17 thoughts on “Producing the Next Generation of Gun Owners”

  1. Looks nicer than the Scout camp rifle range I used in the late 1950s. But the training we got was good. The camp hired/borrowed (?) a Marine lance corporal each summer to run the range and instruct kids working toward the marksmanship merit badge. He ran a tight range (naturally) and kept us in line.

    But the range you show is more posh than what we had. We got a sun/rain shade, but no benches — you just had to lie, sit, kneel, or stand on a carpet remnant. I’ve forgotten the make of rifles we had, but they were all bolt-action, single-shot .22s. We had to buy our ammo with cash: a penny a round.

    1. I believe the shooting benches came courtesy of a grant a year or two ago. They re-arranged the firing line to make more spaces for boys to shoot.

      1. how does on donate directlty to this facility? maybe they need somw ammo or other supplies, e.g., gun oils/cleaners, targets, etc.

        1. I’ll try to find out about general donations to the rifle program and let you know. I know they already have really good relationships with the local gun stores, so they do reasonably well on supplies like that. At this point, their biggest needs seem to be around capital projects like getting a new slab poured for an extension of the main shooting area for new special needs lanes that more easily accommodate wheelchairs, a ramp up to the shooting area from the “road,” supplies to keep the merit badge “classroom” area standing and eventually surrounded with walls on all four sides.

          1. thank you, bitter. i would appreciate the info. i’m from nyc, and the more kids from the tri-state area exposed to safe and fun fireaems handling the better.

            p.s. i assume you can see my email address?

      1. Well then that narrows it down. They all kind of look the same after 30 years.

  2. Reminds me of the Boy Scout camp I went to that was around the Deleware Water gap. We had a rifle range too. In NJ no less!

    I’ll second if there’s any way to donate.

    Things like this are vital. It’s a lot harder to demonize guns when dealing with people who’ve acutally used one.

  3. I’m an adult leader and am taking the Webloes (cub scouts) to a BSA camp in Western WA for 4 days this summer. At this age group the marksmanship is limited to BB guns, but the fundamentals are the same.

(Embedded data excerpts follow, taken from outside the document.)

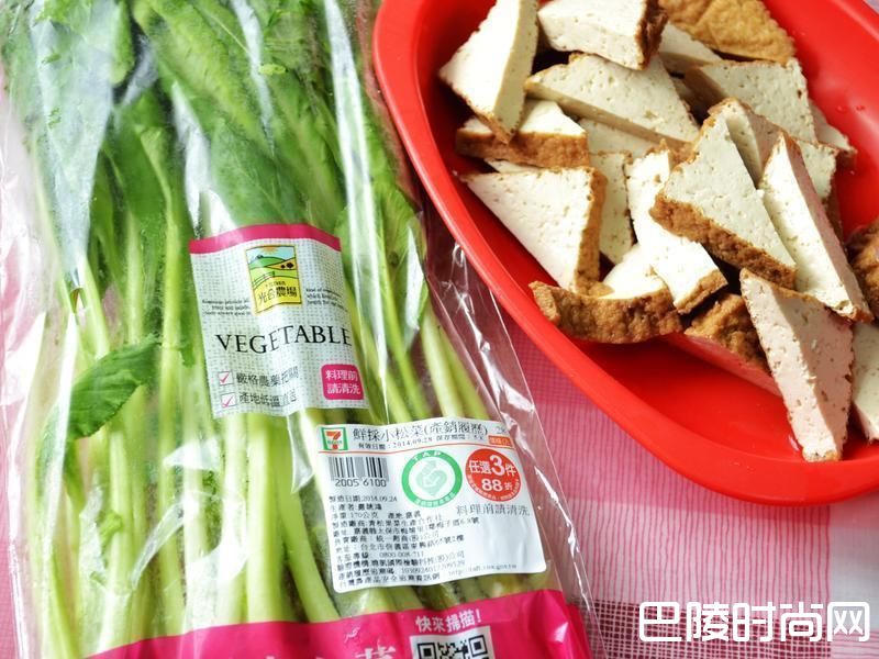 2油豆腐切成片状备用。
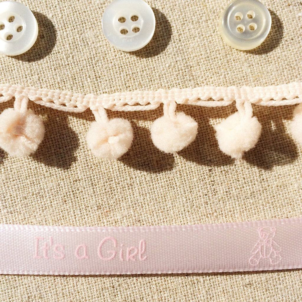 Min Pom Pom Trim: This baby pink trim has mini 10 mm pom poms.
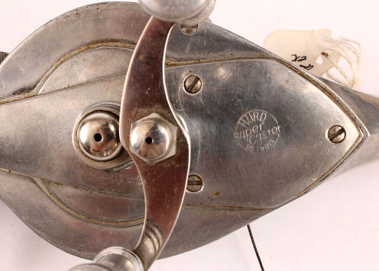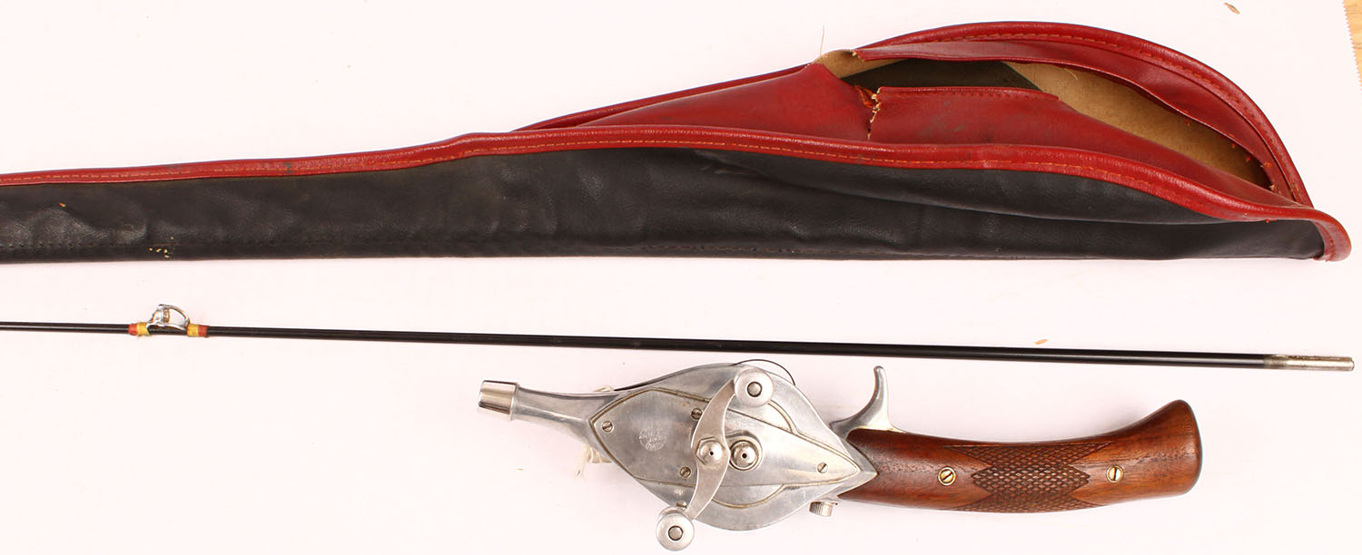 Hurd Super Caster Steel Casting Rod with walnut handles, 5', has orginal case which is torn on both side of zipper, works well, nice checkered wood grips. Grade: Excellent - Value: 50 to 200
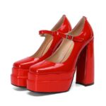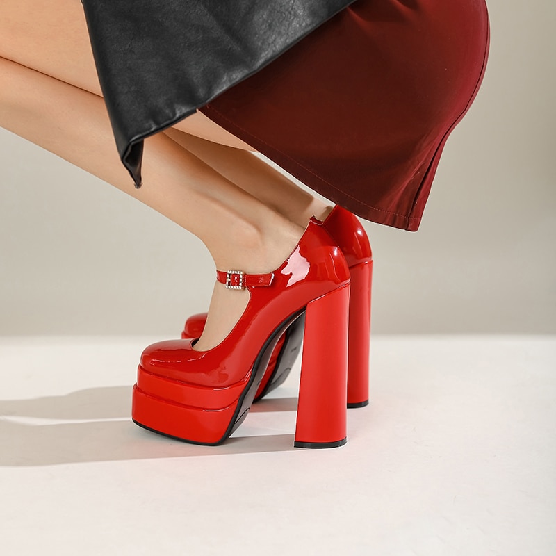 These Red Chunky Platform Pump Heels are originally handmade with patent leather for a glossy finish. The insole has a sheepskin footbed, which is comfortable and provides cushioning to give you a soft and smooth walking gait. These round-toe pump-style heels are topped with an adjustable buckle strap. It has a cool, funky, and punk-styled silhouette with a heightened dramatic platform and a block heel. You can pair this luxe pair with any fancy, formal, or funky outfit. This is a lovely gift option for all heel-loving ladies.
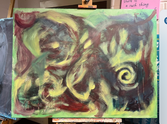 The photos below represent my progress with my abstract painting, with the first image being where I started and the last being where I am currently. At first I started with a basic color background, still using methods of scumbling and painting with my whole arm. In the second picture, I started to add other colors and create a form of movement through lines and other methods. In the third picture (or my current progress) I added in a lighter color (yellow) to balance out the dark that was over the majority of my painting. I also started to fill in some blanks with much needed shapes to get rid of just utilizing lines, which made my painting much more interesting. I also started to fill up the canvas a little more, covering a bit more of the edges to really define the work.

  4. That range looks a lot better than my local scout camp (and I visit often).

    Scouts under proper instruction do very well with marksmanship programs.

    Cub scouts really like using paint balls in slingshots to hit targets.

  5. Hey Sebastian/Bitter, can you help me find resources on building an air rifle range? Appropriate back stops. (Not so much competitive, though it might be worth considering such specs).

    But basically think like scout/recreational/training class air rifle range.

    I tried inquiring of NSSF, but never got an email back.

  6. Hey, that’s Ockanickon, or “rock-a-nickon,” as we call it due to the local geology. Been there many a time with my son’s troop. And they do stretch their dollars as far as they can. Thanks for your support, Sebastian. I know the council would love to expand the range if possible.